Copy out the full listing below as it stands, with its pictures left behind.

[Start of section]

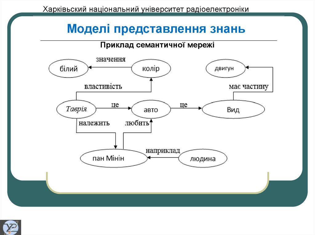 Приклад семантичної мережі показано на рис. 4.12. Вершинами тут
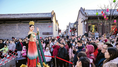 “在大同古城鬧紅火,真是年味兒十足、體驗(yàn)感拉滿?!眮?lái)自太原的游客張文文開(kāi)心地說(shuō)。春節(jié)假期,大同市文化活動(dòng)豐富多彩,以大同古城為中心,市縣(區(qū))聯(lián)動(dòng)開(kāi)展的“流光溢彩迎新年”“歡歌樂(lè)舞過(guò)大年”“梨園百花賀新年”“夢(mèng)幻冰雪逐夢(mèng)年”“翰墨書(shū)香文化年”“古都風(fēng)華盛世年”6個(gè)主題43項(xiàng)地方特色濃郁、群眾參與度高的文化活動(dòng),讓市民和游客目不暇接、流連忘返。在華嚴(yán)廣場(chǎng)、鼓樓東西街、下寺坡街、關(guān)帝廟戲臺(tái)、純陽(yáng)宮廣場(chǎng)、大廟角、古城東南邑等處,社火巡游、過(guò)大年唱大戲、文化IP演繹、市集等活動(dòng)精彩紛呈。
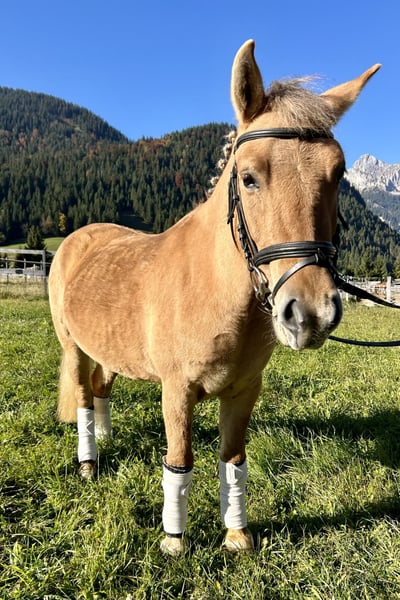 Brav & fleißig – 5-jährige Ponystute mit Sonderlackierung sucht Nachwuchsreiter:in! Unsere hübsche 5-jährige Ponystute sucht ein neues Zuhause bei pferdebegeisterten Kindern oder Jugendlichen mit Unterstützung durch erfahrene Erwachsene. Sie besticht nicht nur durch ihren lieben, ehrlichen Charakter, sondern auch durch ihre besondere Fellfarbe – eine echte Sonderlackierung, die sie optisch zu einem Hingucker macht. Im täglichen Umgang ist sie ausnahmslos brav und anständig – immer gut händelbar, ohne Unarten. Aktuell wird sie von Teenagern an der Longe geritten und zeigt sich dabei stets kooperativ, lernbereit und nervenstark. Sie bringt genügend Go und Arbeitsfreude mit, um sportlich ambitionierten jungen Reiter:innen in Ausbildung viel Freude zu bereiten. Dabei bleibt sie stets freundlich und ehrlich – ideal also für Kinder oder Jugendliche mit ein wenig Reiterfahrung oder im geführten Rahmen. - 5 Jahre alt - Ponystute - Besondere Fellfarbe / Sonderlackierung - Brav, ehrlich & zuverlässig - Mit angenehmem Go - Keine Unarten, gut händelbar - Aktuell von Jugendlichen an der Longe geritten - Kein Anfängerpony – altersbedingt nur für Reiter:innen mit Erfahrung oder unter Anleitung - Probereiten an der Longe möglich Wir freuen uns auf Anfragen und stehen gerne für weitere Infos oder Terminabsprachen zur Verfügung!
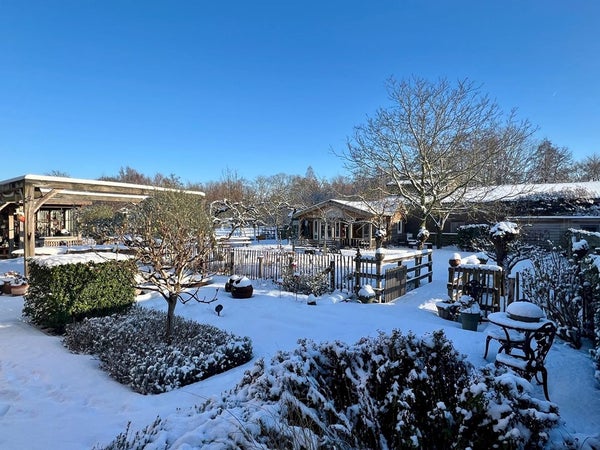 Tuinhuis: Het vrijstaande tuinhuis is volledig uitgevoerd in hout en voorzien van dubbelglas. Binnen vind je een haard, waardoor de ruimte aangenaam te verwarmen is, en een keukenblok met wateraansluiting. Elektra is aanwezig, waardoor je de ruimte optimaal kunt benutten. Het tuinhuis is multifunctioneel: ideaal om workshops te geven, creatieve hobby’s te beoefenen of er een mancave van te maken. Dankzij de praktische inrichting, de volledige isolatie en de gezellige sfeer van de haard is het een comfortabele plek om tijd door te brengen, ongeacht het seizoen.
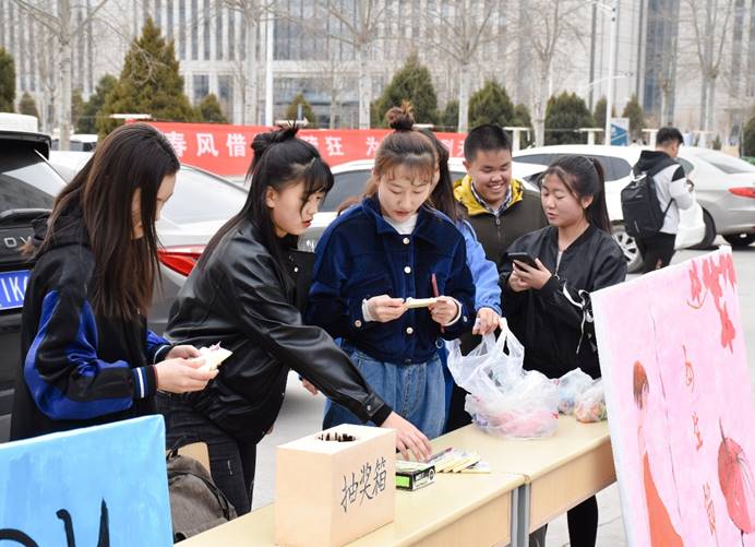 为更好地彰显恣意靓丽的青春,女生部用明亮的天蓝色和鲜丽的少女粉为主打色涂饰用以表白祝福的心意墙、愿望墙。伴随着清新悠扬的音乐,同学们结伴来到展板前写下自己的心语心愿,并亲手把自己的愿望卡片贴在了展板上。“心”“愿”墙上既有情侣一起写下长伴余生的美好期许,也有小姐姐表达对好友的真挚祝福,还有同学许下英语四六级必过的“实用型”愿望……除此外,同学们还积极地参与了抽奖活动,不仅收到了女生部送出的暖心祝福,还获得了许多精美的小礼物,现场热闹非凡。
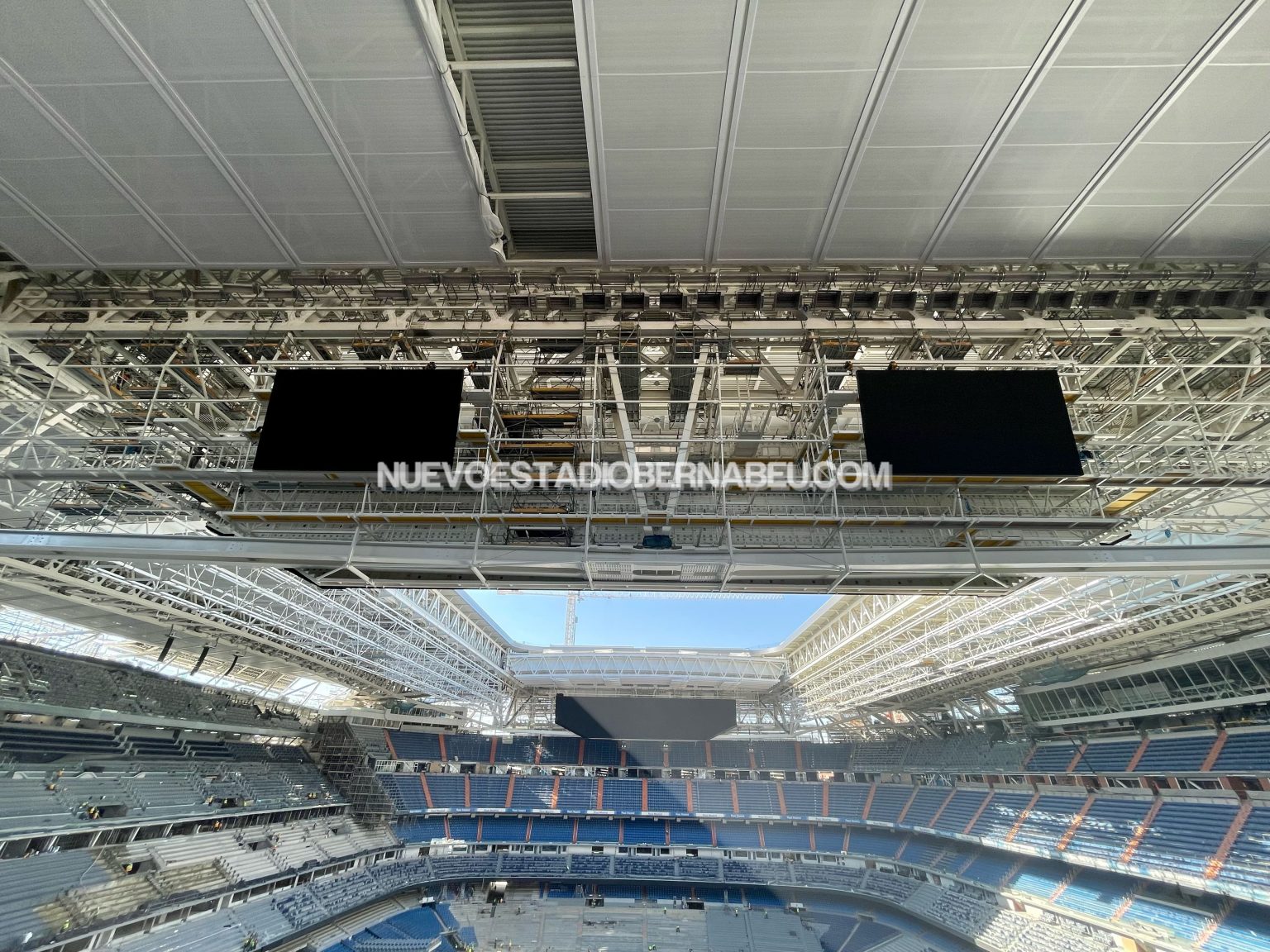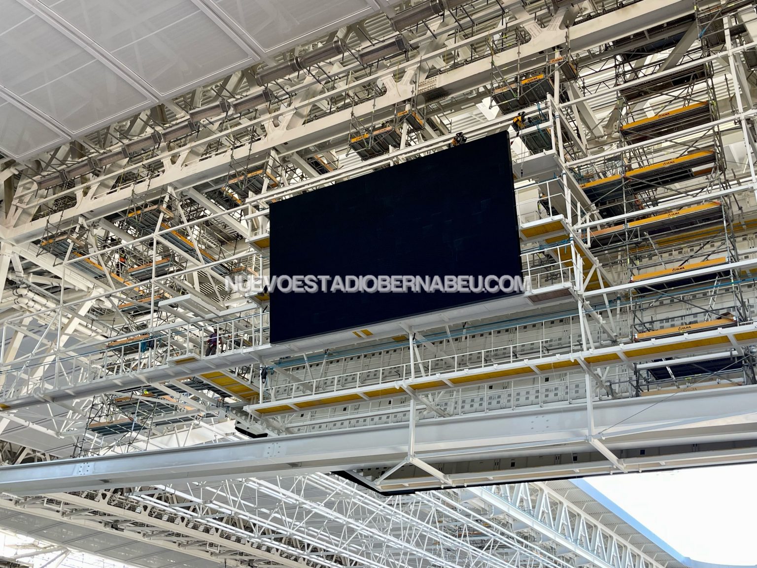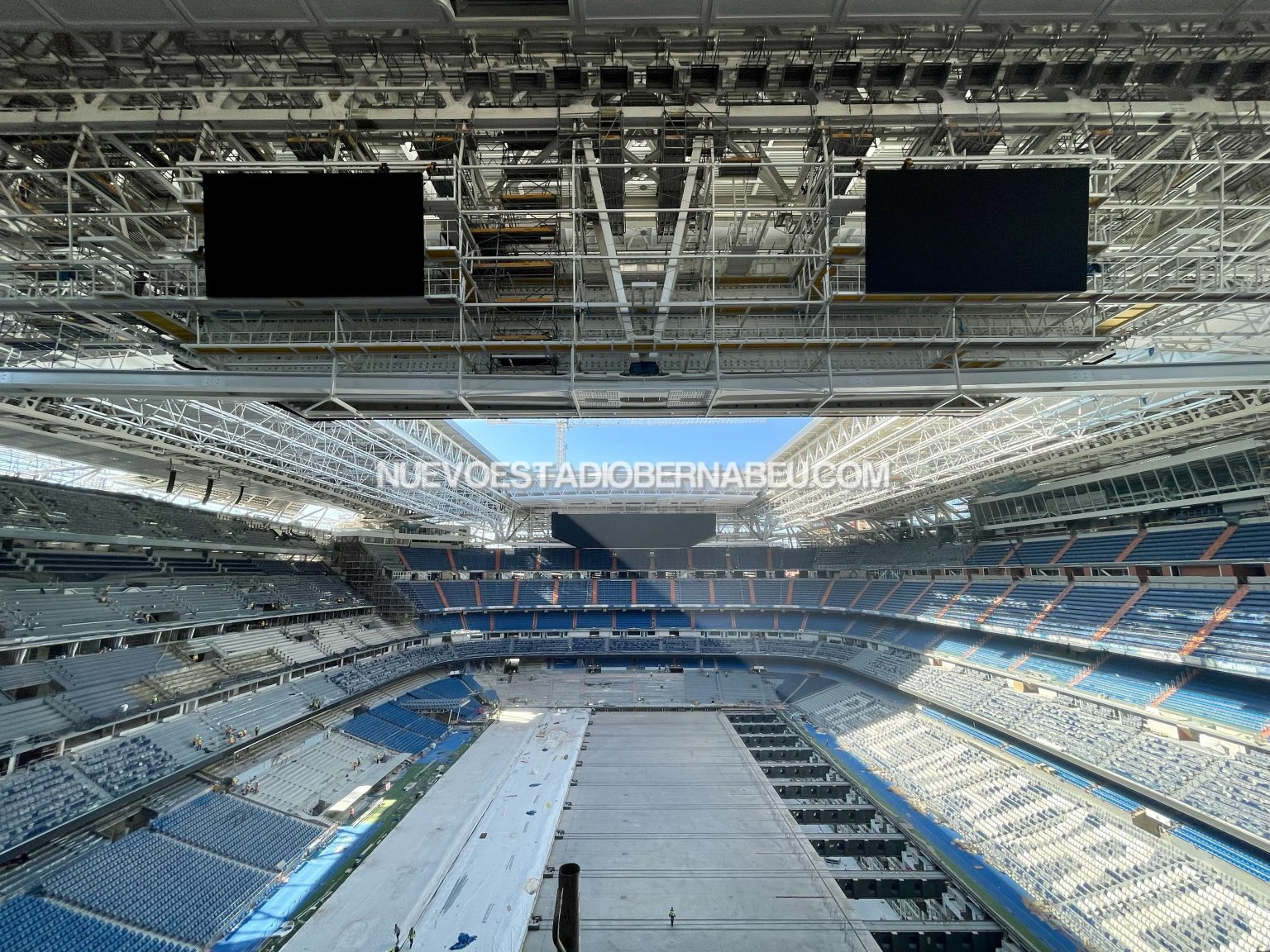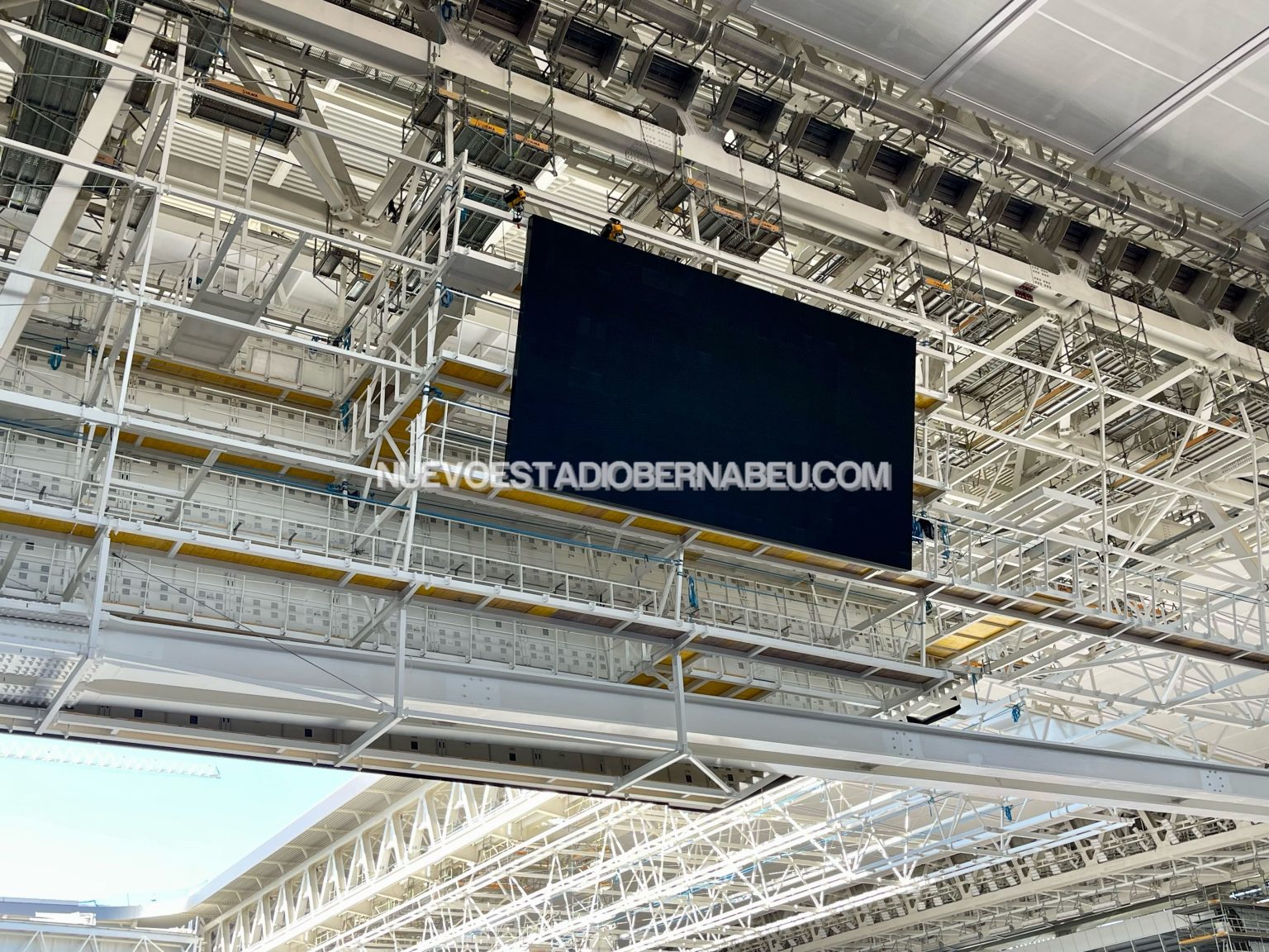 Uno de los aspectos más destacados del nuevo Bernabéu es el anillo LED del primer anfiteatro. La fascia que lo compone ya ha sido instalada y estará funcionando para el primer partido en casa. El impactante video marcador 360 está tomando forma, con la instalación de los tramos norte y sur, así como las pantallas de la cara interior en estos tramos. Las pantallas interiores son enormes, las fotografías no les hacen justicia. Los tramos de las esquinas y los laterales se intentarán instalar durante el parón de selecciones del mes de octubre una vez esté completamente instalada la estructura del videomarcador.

[End of section]

[Response to the exercise]:
 Приклад семантичної мережі показано на рис. 4.12. Вершинами тут
 “在大同古城鬧紅火,真是年味兒十足、體驗(yàn)感拉滿?!眮?lái)自太原的游客張文文開(kāi)心地說(shuō)。春節(jié)假期,大同市文化活動(dòng)豐富多彩,以大同古城為中心,市縣(區(qū))聯(lián)動(dòng)開(kāi)展的“流光溢彩迎新年”“歡歌樂(lè)舞過(guò)大年”“梨園百花賀新年”“夢(mèng)幻冰雪逐夢(mèng)年”“翰墨書(shū)香文化年”“古都風(fēng)華盛世年”6個(gè)主題43項(xiàng)地方特色濃郁、群眾參與度高的文化活動(dòng),讓市民和游客目不暇接、流連忘返。在華嚴(yán)廣場(chǎng)、鼓樓東西街、下寺坡街、關(guān)帝廟戲臺(tái)、純陽(yáng)宮廣場(chǎng)、大廟角、古城東南邑等處,社火巡游、過(guò)大年唱大戲、文化IP演繹、市集等活動(dòng)精彩紛呈。
 Brav & fleißig – 5-jährige Ponystute mit Sonderlackierung sucht Nachwuchsreiter:in! Unsere hübsche 5-jährige Ponystute sucht ein neues Zuhause bei pferdebegeisterten Kindern oder Jugendlichen mit Unterstützung durch erfahrene Erwachsene. Sie besticht nicht nur durch ihren lieben, ehrlichen Charakter, sondern auch durch ihre besondere Fellfarbe – eine echte Sonderlackierung, die sie optisch zu einem Hingucker macht. Im täglichen Umgang ist sie ausnahmslos brav und anständig – immer gut händelbar, ohne Unarten. Aktuell wird sie von Teenagern an der Longe geritten und zeigt sich dabei stets kooperativ, lernbereit und nervenstark. Sie bringt genügend Go und Arbeitsfreude mit, um sportlich ambitionierten jungen Reiter:innen in Ausbildung viel Freude zu bereiten. Dabei bleibt sie stets freundlich und ehrlich – ideal also für Kinder oder Jugendliche mit ein wenig Reiterfahrung oder im geführten Rahmen. - 5 Jahre alt - Ponystute - Besondere Fellfarbe / Sonderlackierung - Brav, ehrlich & zuverlässig - Mit angenehmem Go - Keine Unarten, gut händelbar - Aktuell von Jugendlichen an der Longe geritten - Kein Anfängerpony – altersbedingt nur für Reiter:innen mit Erfahrung oder unter Anleitung - Probereiten an der Longe möglich Wir freuen uns auf Anfragen und stehen gerne für weitere Infos oder Terminabsprachen zur Verfügung!
 Tuinhuis: Het vrijstaande tuinhuis is volledig uitgevoerd in hout en voorzien van dubbelglas. Binnen vind je een haard, waardoor de ruimte aangenaam te verwarmen is, en een keukenblok met wateraansluiting. Elektra is aanwezig, waardoor je de ruimte optimaal kunt benutten. Het tuinhuis is multifunctioneel: ideaal om workshops te geven, creatieve hobby’s te beoefenen of er een mancave van te maken. Dankzij de praktische inrichting, de volledige isolatie en de gezellige sfeer van de haard is het een comfortabele plek om tijd door te brengen, ongeacht het seizoen.
 为更好地彰显恣意靓丽的青春,女生部用明亮的天蓝色和鲜丽的少女粉为主打色涂饰用以表白祝福的心意墙、愿望墙。伴随着清新悠扬的音乐,同学们结伴来到展板前写下自己的心语心愿,并亲手把自己的愿望卡片贴在了展板上。“心”“愿”墙上既有情侣一起写下长伴余生的美好期许,也有小姐姐表达对好友的真挚祝福,还有同学许下英语四六级必过的“实用型”愿望……除此外,同学们还积极地参与了抽奖活动,不仅收到了女生部送出的暖心祝福,还获得了许多精美的小礼物,现场热闹非凡。
 Uno de los aspectos más destacados del nuevo Bernabéu es el anillo LED del primer anfiteatro. La fascia que lo compone ya ha sido instalada y estará funcionando para el primer partido en casa. El impactante video marcador 360 está tomando forma, con la instalación de los tramos norte y sur, así como las pantallas de la cara interior en estos tramos. Las pantallas interiores son enormes, las fotografías no les hacen justicia. Los tramos de las esquinas y los laterales se intentarán instalar durante el parón de selecciones del mes de octubre una vez esté completamente instalada la estructura del videomarcador.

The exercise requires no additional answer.